Nouvelles du front coronaviral vues de Tokyo

Ce dernier samedi nous étions allés chez les parents du plus fidèle ami de mon petit-fils. Deux jours plus tard ce dernier était malade et sa mère procéda à un test dit antigénique. Résultat : positif. Comme je devais obtenir un test PCR la veille de mon départ vers les mers du sud, il s’avéra que celui-ci était également positif. Ma belle-fille, triplement injectée, est restée 4 jours au fond de son lit. Ma petite-fille a également subi quelques accès de fièvre. Mon fils a résisté, fort heureusement d’ailleurs puisqu’il assure le ravitaillement et la cuisine.

Les régulations au Japon précisent que s’il y a un cas avéré d’infection coronavirale au sein d’une famille la totalité de ses membres doit respecter une quarantaine de 7 jours. Le port du masque est toujours obligatoire partout y compris dans la rue et pourtant le Japon traverse une très forte recrudescence du nombre de “cas” alors que la très grande majorité des Japonais est triplement injectée malgré le fait que cette démarche n’est pas obligatoire. La pression sociale a fait le reste … 

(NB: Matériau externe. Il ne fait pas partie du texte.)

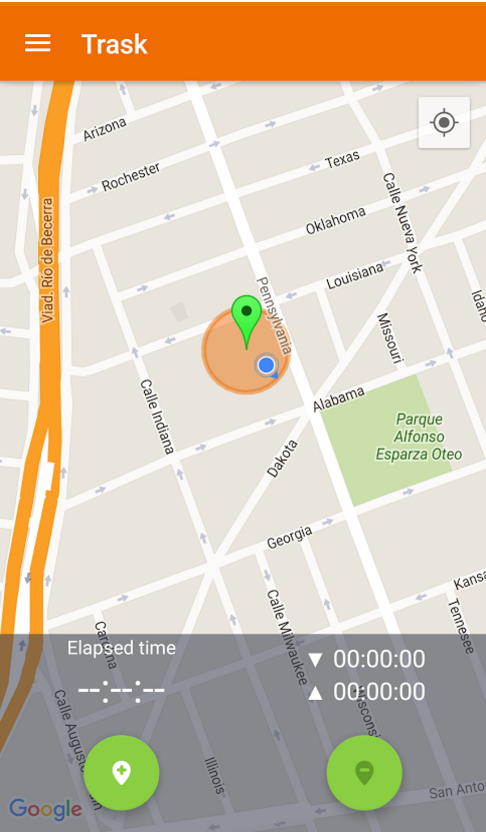 The first screen shows your current location in a map. Some indicators are shown on the map according the following:

L’enseignement à dégager de ce petit épisode familial est simple. Malgré les injections répétées supposées protéger la personne, celles-ci sont sans effet. L’immunité acquise après une première infection n’est pas suffisante pour se protéger contre un nouveau mutant, ce qui ressortait de l’inefficacité de la vaccination contre la grippe. La recherche médicale a donc encore beaucoup à découvrir dans ce domaine mais sans se précipiter vers de nouvelles technologies qui n’ont, donc, toujours pas fait leurs preuves bien au contraire. Ci-après un article de mon fils sur son blog:https://www.rosenight.net/?p=8402

Petite chronique du jour

En ce mardi 19 juillet, veille de mon départ pour les mers du sud, il me fallait un test RT-PCR pour pouvoir embarquer. Malgré le fait que je me suis traité avec 400 mg par jour de chloroquine lorsque mon petit-fils s’est retrouvé malade ce samedi, cela n’a pas été suffisant. Ma belle-fille a suivi le sort de son petit et est au fond de son lit depuis hier. Le test PCR a révélé une positivité sans symptômes et je suis maintenant cloué chez mon fils pour deux semaines supplémentaires. Il doit aller demain au service de l’immigration mon visa expirant le 21 juillet !

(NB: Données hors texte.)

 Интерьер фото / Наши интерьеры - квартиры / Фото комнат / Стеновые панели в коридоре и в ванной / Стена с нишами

Je hais ces régulations stupides décidées par de faux médecins qui ne savent même pas qu’un test PCR ne constitue pas un outil de diagnostic surtout quand on procède à 40 cycles d’amplification.

Conclusion : je partirai donc dans 18 jours définitivement dégouté par la gestion sanitaire mise en place par les pays dits développés gouvernés par des incapables et ignorant la science. À plus pour d’autres petites chroniques …

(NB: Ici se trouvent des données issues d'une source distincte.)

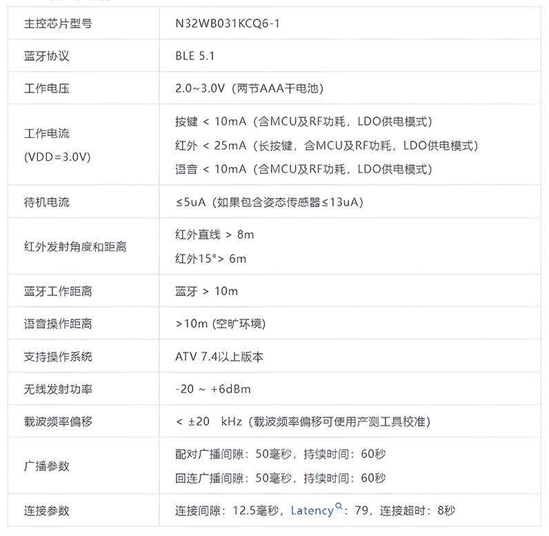 N32WB031系列藍(lán)牙芯片豐富的資源和出色的性能指標(biāo)可滿足藍(lán)牙語(yǔ)音遙控器的各項(xiàng)功能需求,芯片的各項(xiàng)功耗指標(biāo)顯著優(yōu)于其他方案。

Souvenirs et actualité du jour

Lorsque je sévissais dans le centre de recherches de Rhône-Poulenc Agro à Lyon l’un des ingénieurs de cette entreprise était mon interlocuteur préféré en raison de son ouverture d’esprit et de la liberté d’investigation dont il bénéficiait. Philippe D. était ingénieur chimiste et son domaine préféré était les néo-nicotinoïdes. La nicotine se trouve dans l’ « herbe à Nicod » et elle protège les plantations de tabac contre les insectes ravageurs. L’agriculteur qui produit du tabac, en France en Dordogne ou dans la plaine de la Limagne, n’a tout simplement pas besoin de traiter ses champs avec des insecticides. Cependant il faut des dizaines de kilos de cette molécule par hectare pour traiter un champ. Les chimistes dont Philippe D. ont donc essayé toutes sortes de modifications de la nicotine et avec le temps, un paramètre non négligeable dans ce type de recherche ont atteint une efficacité notoire de certains dérivés de la nicotine en arrivant à une centaine de grammes par hectare.

J’évoquais le facteur temps car en effet après les essais en serre il faut procéder à des essais en plein champ, ce qui est long et fastidieux car toute nouvelle molécule doit faire l’objet de diverses formulations pour chaque parcelle de 100 m2 en plein champ. Et comme tout chercheur passionné par son métier Philippe D. me racontait la progression de ses travaux. En dix ans il arriva à trouver un dérivé de la nicotine qui était actif à une dose extraordinaire de 4 grammes par hectare. C’était en quelque sorte son objectif final. Il me racontait, sûr de lui, qu’avec de telles doses les insectes pollinisateurs ne seraient pas foudroyés sur place. Ces néo-nicotinoïdes de nouvelle génération, il y a 25 ans de cela, étaient incorporés à l’enrobement des semences et se répandait dans toute la plante au cours de sa croissance. Les insectes suceurs et les larves de papillons ne survivaient pas à ces traces de néo-nicotinoïdes.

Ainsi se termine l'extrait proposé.